# DATA SECTION

+---+

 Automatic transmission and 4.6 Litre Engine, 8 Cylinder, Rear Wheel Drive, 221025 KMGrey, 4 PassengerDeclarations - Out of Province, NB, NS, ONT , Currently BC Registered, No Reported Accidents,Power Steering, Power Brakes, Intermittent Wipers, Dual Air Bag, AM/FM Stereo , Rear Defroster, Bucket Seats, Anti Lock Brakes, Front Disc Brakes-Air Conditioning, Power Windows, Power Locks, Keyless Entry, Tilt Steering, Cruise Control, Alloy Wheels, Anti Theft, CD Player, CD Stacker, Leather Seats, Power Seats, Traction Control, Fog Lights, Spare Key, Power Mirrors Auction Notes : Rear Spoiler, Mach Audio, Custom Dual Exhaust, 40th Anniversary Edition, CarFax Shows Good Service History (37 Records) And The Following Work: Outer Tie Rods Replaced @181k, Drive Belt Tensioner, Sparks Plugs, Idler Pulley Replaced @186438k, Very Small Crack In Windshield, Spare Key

+---+

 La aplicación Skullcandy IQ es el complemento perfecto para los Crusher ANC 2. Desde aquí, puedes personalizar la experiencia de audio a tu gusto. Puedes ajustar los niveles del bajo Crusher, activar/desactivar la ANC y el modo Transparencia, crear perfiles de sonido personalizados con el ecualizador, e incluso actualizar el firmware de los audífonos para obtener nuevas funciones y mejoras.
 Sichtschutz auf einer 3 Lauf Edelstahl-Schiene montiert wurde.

+---+

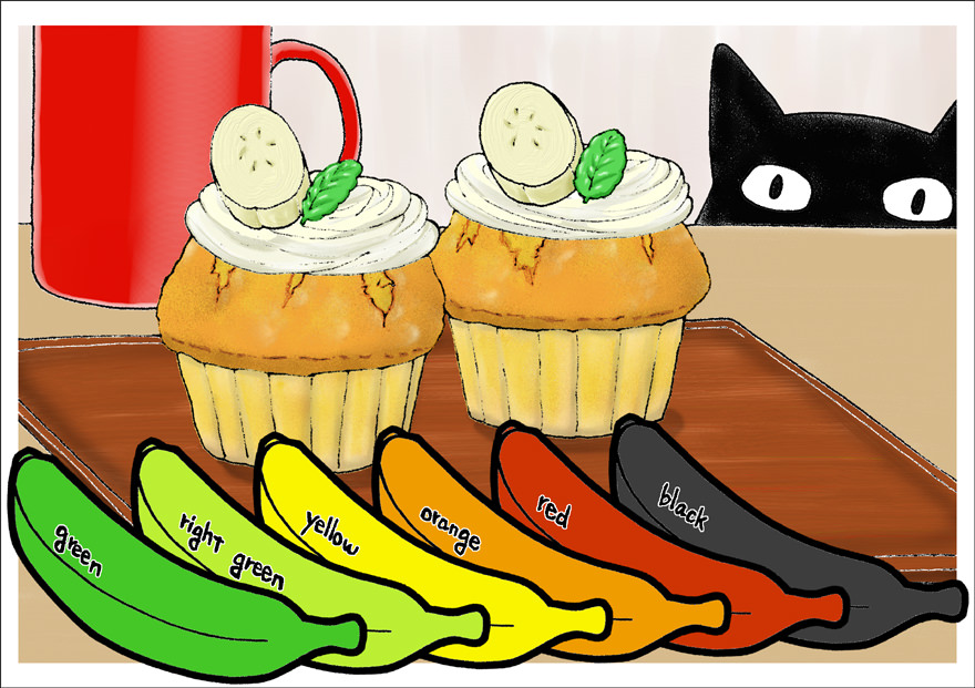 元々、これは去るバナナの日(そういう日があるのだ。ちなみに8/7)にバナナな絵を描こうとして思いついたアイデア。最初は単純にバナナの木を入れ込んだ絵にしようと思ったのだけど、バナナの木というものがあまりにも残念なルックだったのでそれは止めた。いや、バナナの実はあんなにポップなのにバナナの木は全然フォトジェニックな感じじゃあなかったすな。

+---+

# HOW TO COMPLETE THIS TASK
Please give again the lines above between the line holding "La aplicación Skullcandy" and the line holding "Sichtschutz auf einer", inclusive, exactly as they are and with nothing added.

# RESPONSE TO THIS EXERCISE
 La aplicación Skullcandy IQ es el complemento perfecto para los Crusher ANC 2. Desde aquí, puedes personalizar la experiencia de audio a tu gusto. Puedes ajustar los niveles del bajo Crusher, activar/desactivar la ANC y el modo Transparencia, crear perfiles de sonido personalizados con el ecualizador, e incluso actualizar el firmware de los audífonos para obtener nuevas funciones y mejoras.
 Sichtschutz auf einer 3 Lauf Edelstahl-Schiene montiert wurde.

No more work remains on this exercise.